To achieve this, we needed breaks from our mundane daily lives and deliberation for a couple of days and meditate together. We started camping out to remote natural spots - read, argued, fought, slept, drank, wept looking for that blissful duende. We would often take small rations of food/alcohol/daily necessities with us and camp in the heart of mother nature. We ventured out to forests, sea shores, mountains.

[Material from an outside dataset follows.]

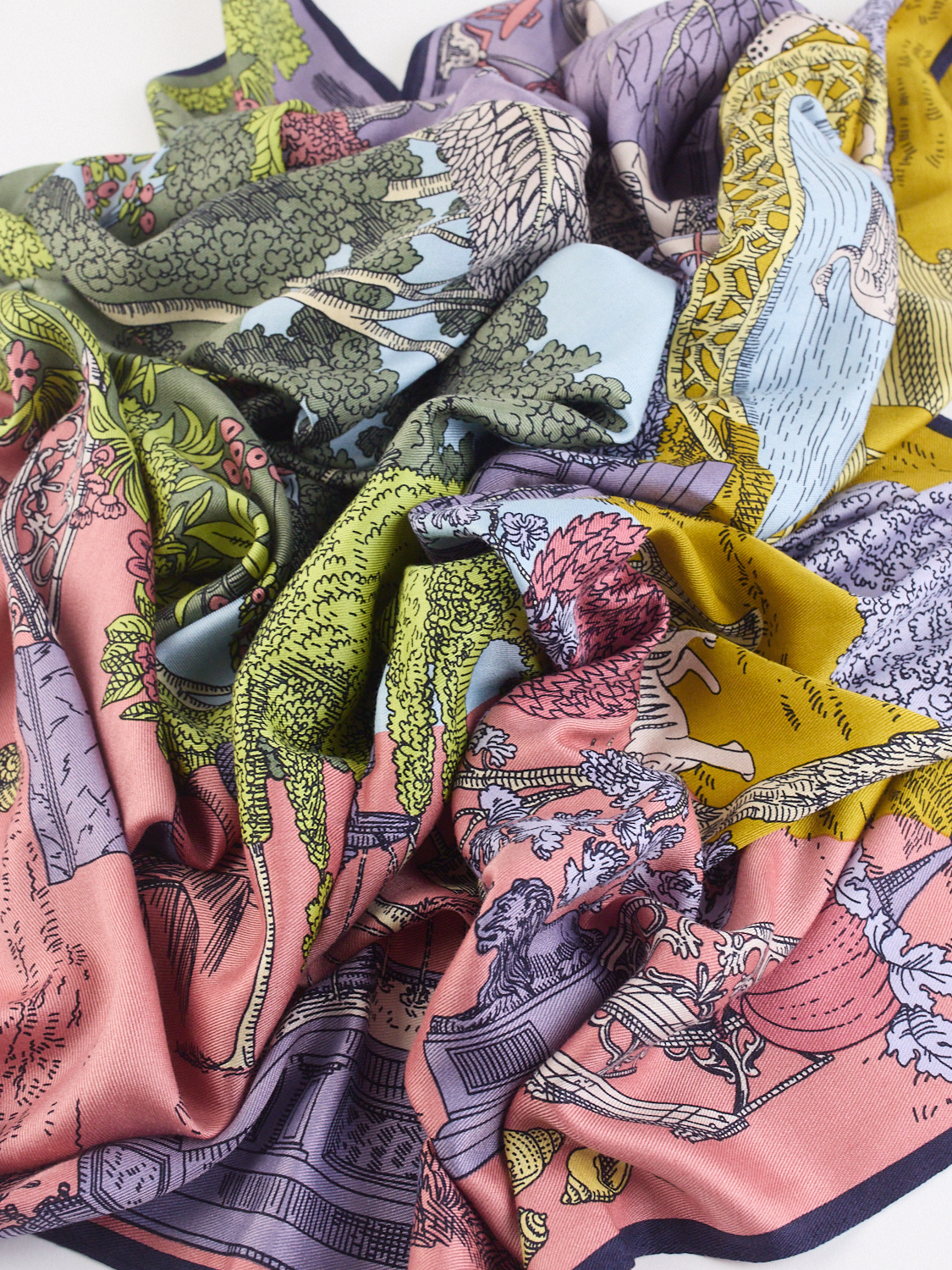 Silk and Modal Square Scarf with Seasons-inspired design

There was a famous publisher in Kolkata, Mr. D. K. Gupta, (you know him) after whose demise in 1980, a little magazine in Kolkata, called Bibhab instituted an award for the best little magazine of the year after Gupta. A distinguished panel of judges chose Kaurab to be the first recipient of that award. Imagine, an outsider like us, in Bengal’s cultural heartland - Kolkata, stealing away the prize for the best Bengali little magazine ! That spun our heads. We set ourselves camp-bound once every two months seriously motivated ourselves to find a new recourse to creating poetry that would transform what-is-called-poetry for the generations to come.
The nature-camping rendezvous is a myth now. Many commercial and non-commercial magazines, literary joints and organizations have tried to emulate it with short-lived success for about two decades now. The Kaurab camps ran for some 8 years and then waned as our work matured and were published as a book series labeled - ‘Kaurab Experimental Literature’.
Thereafter, in the beginning of the 1990s I became engaged with another young group of poets from Bengal, you being a member for sometime, who were soul searching for the same purpose. In me, they found a honeycomb to work and buzz around. This group came together under the banner of ‘Kobita Campus’ (Poetry Campus) - a little magazine of that name later on. We realized in these camps that ‘Antipoetry’ could serve as a meaningful first step of departure. Now, once the departure was established, the indoor poetry workshops of Kabita Campus practised through many years culminated into the idea of what we later called ‘New Poetry’ (Natun Kabita). This was a newer concept. For this, a new space for ideas needed to be created.
I came up with the concept of Expansive Consciousness (EC) which provided the space to write about something new. Something that did not exist. It stormed the young poet’s colony and within a couple of years poets from all corners of Bengal took part in it.
Aryanil: Your theory of Expansive Consciousness wasn’t a written manifesto. Nor is it seen as an instruction manual written to churn up a poetry movement. But it has become a must-read, quintessential item in the young poet’s survival kit. Let’s talk about it a little bit. How did the idea arrive ? What was the initial target ?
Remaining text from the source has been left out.